Бертон отключился. Он не слышал немца. Не чувствовал ни едкого дыма, поднимающегося от древесных углей, ни пыхтения Абрантеша, раздувавшего их. Не видел, как загораются странным красным светом облака на небе.

В багажнике Фельзен отыскал проволоку. Абрантеш начал жарить шурисо, вращая их над углями необычными для него деликатными движениями рук. Фельзен засыпал уполномоченного все новыми и новыми вопросами. Язык уже плохо слушался его — сказывалась выпивка. Алкоголь возвращал к мыслям о Лоре, украденных запонках, Эве, Лереру, той шлюхе из Гуарды, с которой он спал накануне. Бертон молчал, раздражая этим Фельзена.

— Та жирная румынская свинья из отдела виз говорила, что полиция Салазара прошла выучку в гестапо, — сказал Фельзен. — Мои коллеги называли Крамера. Крамер теперь в концлагере комендантом. Там в концлагере свое дело знают. Мы все слышали об этом, Эдвард, и знаем, что там делается, но одно дело просто знать и совсем другое — узнать на личном опыте. Сам я в концлагере не был и знаю все только из вторых рук, так что не удивляйся, если работа моя покажется тебе несколько грубоватой, что ли…

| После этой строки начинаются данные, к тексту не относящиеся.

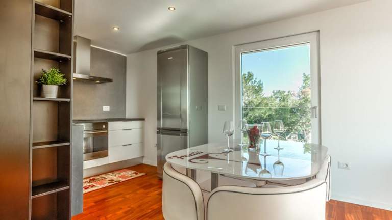 Die Apartments sind mit einer gut ausgestatteten Küche ausgestattet, die einen Kühlschrank, Geschirrspüler und Ofen umfasst, was die Selbstverpflegung erleichtert.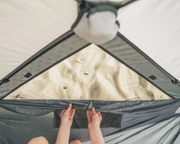 Njut av dagar på stranden med vårt lätta att sätta upp strandtält tack vare Rapid-pitch Lite-systemet, där presenningen och stolparna är sammankopplade. Förlängningen av tältbasen fungerar även som en praktisk "dörr" för extra skydd. För extra stabilitet kan hörnpåsarna fyllas med sand. Meshfickor ger praktisk förvaring för små föremål, medan stora ventilationspaneler säkerställer optimalt luftflöde. Dessutom innehåller tältet pinnar för säker montering på löst underlag.

Фельзен сунул проволоку в раскаленные угли. Потом снял с англичанина ремень и, воспользовавшись ножом Абрантеша, разрезал на нем брюки и трусы. Нашел кожаную рукавицу, сунул в нее руку и вытащил проволоку из огня. Помедлил, почувствовав за спиной дуновение ветра, поглядел вверх на полыхавшее ярким заревом небо, а потом шагнул к англичанину.

Крестьяне, зарывшие в сосновом бору тело шофера, вернулись в Амендуа уже после пяти. Жарко было не на шутку. Глаза щипало, рты невольно наполнялись густой и горькой слюной. Пройдя к роднику, они долго пили и, намочив в воде платки, обтирали ими шею и лицо. Прекратили это, лишь заслышав крик какого-то животного. Крик был странный, такого они еще не слышали, и кричало животное, видимо, от дикой боли.

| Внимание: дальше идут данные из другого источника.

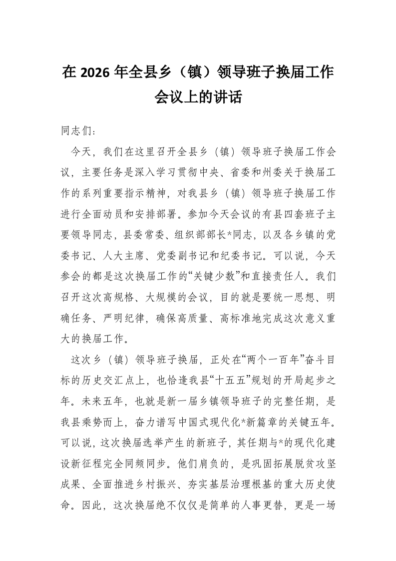 - 在2026年全县乡镇领导班子换届工作推进会议上的讲话

Они подошли уже к самой деревне, когда крик повторился. Шел он из ямы в горах, и внезапно они все поняли. Нахлобучив шляпы, подобрались и поспешили в прохладу своих домов, где улеглись на деревянные топчаны, заткнув руками уши.

Зной вылился в грозу. Тяжелая пьяная дремота Фельзена была прервана раскатами грома. Очнувшись, он не сразу понял, где находится. Голова раскалывалась. Он стал припоминать, не падал ли. Во рту был вкус прогорклого сыра. Повернувшись, он увидел тело англичанина, повисшее на стуле, и вид его поразил Фельзена. Он поднялся было, чтобы проверить, что с ним, но заметил окровавленную грудь и валяющийся рядом на земле пистолет. Как это могло произойти?

Дождь лил стеной. Фельзен, пошатываясь, вылез из ямы и подставил руки под дождь. Отпрянул назад, споткнувшись о распростертое тело спящего Абрантеша. У того руки и рубашка были испачканы красным, красные пятна были и на плечах. Дождь тоже был кроваво-красным. Фельзен стал расшвыривать камни, чтобы убраться подальше от входа в штольню. От его крика Абрантеш проснулся и тоже высунул руку под дождь.

— Такое и раньше бывало, — сказал он и вытер руку о штаны. — Мне отец рассказывал. Это пыль из пустыни. Ничего страшного.

Тело англичанина они запихнули в багажник и отправились домой к Абрантешу. Выгрузили тело во дворе. Фельзен отогнал машину назад в старый рудник, как можно глубже. Из-за грозы стемнело рано. Когда он выключил фары, вокруг стало черным-черно. Сжав руль, он прислонился к нему лбом. Ему припомнился звон разбитого стекла, когда бутылку багасо грохнули об стену штольни. Горлышко бутылки стало примитивным оружием. Как такое могло произойти?

Абрантеш стоял по пояс в яме во дворе. Девушка следила за ним. Она была грузной, беременной, видимо на середине срока. Налив Фельзену стакан прохладного белого вина, она удалилась в дом.

— Мои поздравления, — сказал Фельзен, возвращаясь к обычной жизни.

Абрантеш не понял, о чем это он. Фельзен кивком указал на дом.

— Хорошо бы это был мальчик, — сказал Абрантеш.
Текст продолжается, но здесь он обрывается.